Kaska D D, Myllylä R, Günzler V, Gibor A, Kivirikko K I
Department of Medical Biochemistry, University of Oulu, Finland.
Biochem J. 1988 Nov 15;256(1):257-63. doi: 10.1042/bj2560257.
Prolyl 4-hydroxylase was isolated in a highly purified form from a multi-cellular green alga, Volvox carteri, by a procedure consisting of ion-exchange chromatography and affinity chromatography on poly(L-hydroxyproline) coupled to Sepharose. Two other affinity-column procedures were also developed, one involving 3,4-dihydroxyphenylacetate and the other 3,4-dihydroxyphenylpropionate linked to Sepharose. The Km values of the Volvox enzyme for the co-substrates and the peptide substrate, as well as the inhibition constants for selected 2-oxoglutarate analogues, were similar to those of the enzyme from Chlamydomonas reinhardii, except that the Km for 2-oxoglutarate with the Volvox enzyme was 6-fold greater. The temperature optimum of the Volvox enzyme was also 10 degrees C higher. The apparent Mr of the Volvox enzyme by gel filtration was about 40,000, being similar to that reported for the Chlamydomonas enzyme but markedly lower than that of the vertebrate enzymes. A similar apparent Mr of about 40,000 was also found for prolyl 4-hydroxylase from the green alga Enteromorpha intestinalis, whereas the enzyme from various vascular plants gave an apparent Mr greater than 300,000. SDS/polyacrylamide-gel electrophoresis demonstrated in the highly purified Volvox enzyme the presence of a major protein band doublet with a Mr of about 65,000 and a minor doublet of Mr about 55,000-57,000. A polyclonal antiserum, prepared against the Mr-65,000 doublet, stained in immunoblotting the Mr-65,000 doublet as well as the alpha subunit, but not the beta subunit, of the vertebrate prolyl 4-hydroxylase. An antiserum against the beta subunit of the vertebrate enzyme stained in immunoblotting a Mr-50,000 polypeptide in a partially purified Volvox enzyme preparation, but did not stain either the Mr-65,000 or the Mr-55,000-57,000 doublet of the highly purified enzyme. The data thus suggest that the active Volvox carteri prolyl 4-hydroxylase is an enzyme monomer antigenically related to the alpha subunit of the vertebrate enzyme.

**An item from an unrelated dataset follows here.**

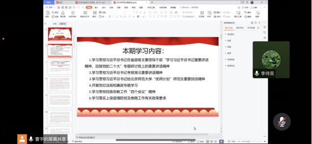 各教工党支部根据《关于开展2022年9月份“支部主题党日”活动的通知》要求,结合本支部实际,通过线上线下相结合的学习方式,观看集体走访赴武大“敦煌考古特展”、自由发言讨论、过政治生日等多种方式开展集中学习。

通过离子交换色谱法和在与琼脂糖偶联的聚(L-羟脯氨酸)上进行亲和色谱法,从多细胞绿藻团藻(Volvox carteri)中以高度纯化的形式分离出脯氨酰4-羟化酶。还开发了另外两种亲和柱方法,一种涉及与琼脂糖连接的3,4-二羟基苯乙酸,另一种涉及与琼脂糖连接的3,4-二羟基苯丙酸。团藻酶对共底物和肽底物的Km值,以及对选定的2-氧代戊二酸类似物的抑制常数,与莱茵衣藻(Chlamydomonas reinhardii)的酶相似,只是团藻酶对2-氧代戊二酸的Km值大6倍。团藻酶的最适温度也高10℃。通过凝胶过滤法测得团藻酶的表观Mr约为40,000,与报道的衣藻酶相似,但明显低于脊椎动物的酶。从绿藻肠浒苔(Enteromorpha intestinalis)中分离的脯氨酰4-羟化酶也发现了约40,000的相似表观Mr,而来自各种维管植物的酶的表观Mr大于300,000。SDS/聚丙烯酰胺凝胶电泳显示,在高度纯化的团藻酶中存在一条主要的蛋白带双峰,Mr约为65,000,以及一条次要的双峰,Mr约为55,000 - 57,000。针对Mr-65,000双峰制备的多克隆抗血清,在免疫印迹中可使Mr-65,000双峰以及脊椎动物脯氨酰4-羟化酶的α亚基染色,但不能使β亚基染色。针对脊椎动物酶β亚基的抗血清,在免疫印迹中可使部分纯化的团藻酶制剂中的一条Mr-50,000多肽染色,但不能使高度纯化酶的Mr-65,000或Mr-55,000 - 57,000双峰染色。因此,数据表明活性团藻脯氨酰4-羟化酶是一种酶单体,在抗原性上与脊椎动物酶的α亚基相关。